June 22nd, 2009 - 7:49 pm ICT by IANS  

By Arun Kumar
Washington, June 22 (IANS) Warning that the world is entering an era of slower growth, the World Bank Monday said that without India and China, the developing countries’ output would shrink 1.6 percent.

But with the two Asian engines of growth included, developing countries are expected to grow by only 1.2 percent this year, after 8.1 percent growth in 2007 and 5.9 percent growth in 2008.

India’s economy was forecast to expand 5.1 percent in 2009 and by 8.0 percent in 2010, while China’s forecast was for 7.2 percent followed 7.7 percent, according to the Global Development Finance 2009 report released Monday.

The latest World Bank forecasts on gross domestic product (GDP) were published to coincide with a three-day Annual Bank Conference on Development Economics that opened Monday in Seoul.

“When China and India are excluded, GDP in the remaining developing countries is projected to fall by 1.6 percent, causing continued job losses and throwing more people into poverty,” the Bank said.

“Global growth is also expected to be negative, with an expected 2.9 percent contraction of global GDP in 2009,” it said, warning that with the world entering an era of slower growth, a tighter and more effective oversight of the financial system would be required.

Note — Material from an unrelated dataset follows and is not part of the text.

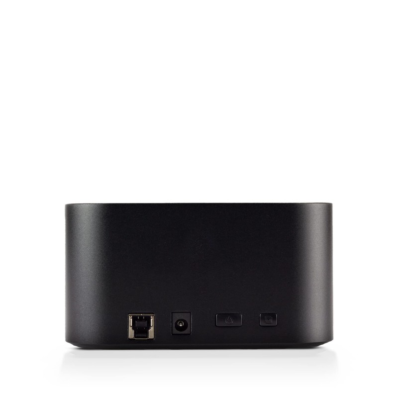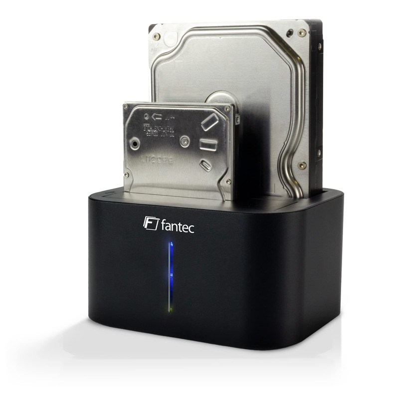 - Quick disk change without tools, LEDs for connection status and clone progress
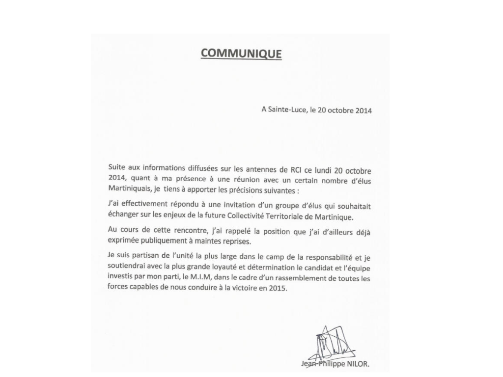 Jean-Philippe #Nilor, le député du sud de la #Martinique est à l’orée des élections de 2015, au cœur de toutes les rumeurs. Il fait ceci, il va faire cela…il aurait bu du jus d’ananas, le breuvage des traîtres…c’est un romantique qui ne va qu’au cœur…C’est un peu à cause de toutes ces nuisances sonores que ce membre du MIM a publié un communiqué mise point qui devrait calmer ceux qui voudraient être son joystick.

Global GDP growth is expected to rebound to 2 percent in 2010 and 3.2 percent by 2011.

In developing countries, growth is expected to be higher, at 4.4 percent in 2010 and 5.7 percent in 2011, albeit subdued relative to the robust performance prior to the current crisis.

Amid the worst global financial and economic crisis in seven decades, the multilateral institution eight days ago lowered its outlook on global growth, to a contraction of 3.0 percent this year.

The development lender’s preceding forecast, published in late March, put developing countries’ annual growth at 2.1 percent, and at zero if China and India were excluded.

“The global recession has deepened,” said the report warning that economic damage to developing countries “has been much deeper and broader than previous crises”.

“Unemployment is on the rise, and poverty is set to increase in developing economies,” it said.